Properties and Reactions
Tungsten (VI) chloride is a blue-black solid at room temperature. At lower temperatures, it becomes wine-red in color. A red form of the compound can be made by rapidly condensing its vapor, which reverts to the blue-black form on gentle heating. It is readily hydrolyzed, even by moist air, giving the orange oxychlorides WOCl4 and WO2Cl2, and subsequently, tungsten trioxide.

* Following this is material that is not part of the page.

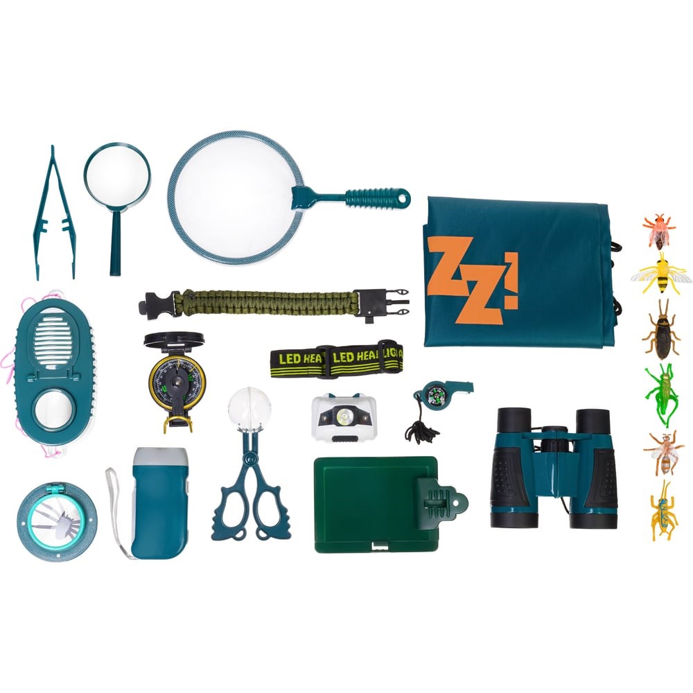 Походный набор Levenhuk LabZZ SK30 79675 – комплект приспособлений, который высоко оценят юные натуралисты и бойскауты. Аксессуары из набора просты в использовании и открывают доступ ко множеству возможностей. Сориентироваться на местности в походе, разбить лагерь и изучить окрестности даже в сумерках, подать сигналы и развести огонь – все это можно сделать, если у вас с собой есть походный набор. «Научная» часть комплекта содержит все необходимое для поимки и изучения насекомых. В многодневном походе пригодятся два светодиодных фонаря: налобный и динамо-фонарик, работающий без батареек. Для игр в выживальщиков отлично подойдет многофункциональный браслет-огниво. Также в наборе есть бинокль на призмах roof, компас и свисток. Что касается энтомологического снаряжения, это лупа-стакан, ручная ловушка, сачок и специальный пинцет. Есть здесь и универсальная ручная лупа. Делать маршрутные записи туриста и описывать интересные находки можно, используя блокнот-планшет. Приспособления набора компактно упаковываются в сумку-рюкзак с ярким рисунком и не обременяют в дороге. Для самых маленьких исследователей окружающего мира в набор добавлены игрушечные фигурки насекомых, которые помогут разобраться во многообразии мира членистоногих.

WCl6 is soluble in carbon disulfide, carbon tetrachloride, and phosphorus oxychloride.

Methylation with trimethylaluminium affords hexamethyl tungsten:
 WCl6 +3 Al2(CH3)6 → W(CH3)6 + 3 Al2(CH3)4Cl2

Treatment with butyl lithium affords a reagent that is useful for deoxygenation of epoxides.

The chloride ligands in WCl6 can be replaced by many anionic ligands including: bromide, thiocyanate and alkoxide (R = alkyl, aryl).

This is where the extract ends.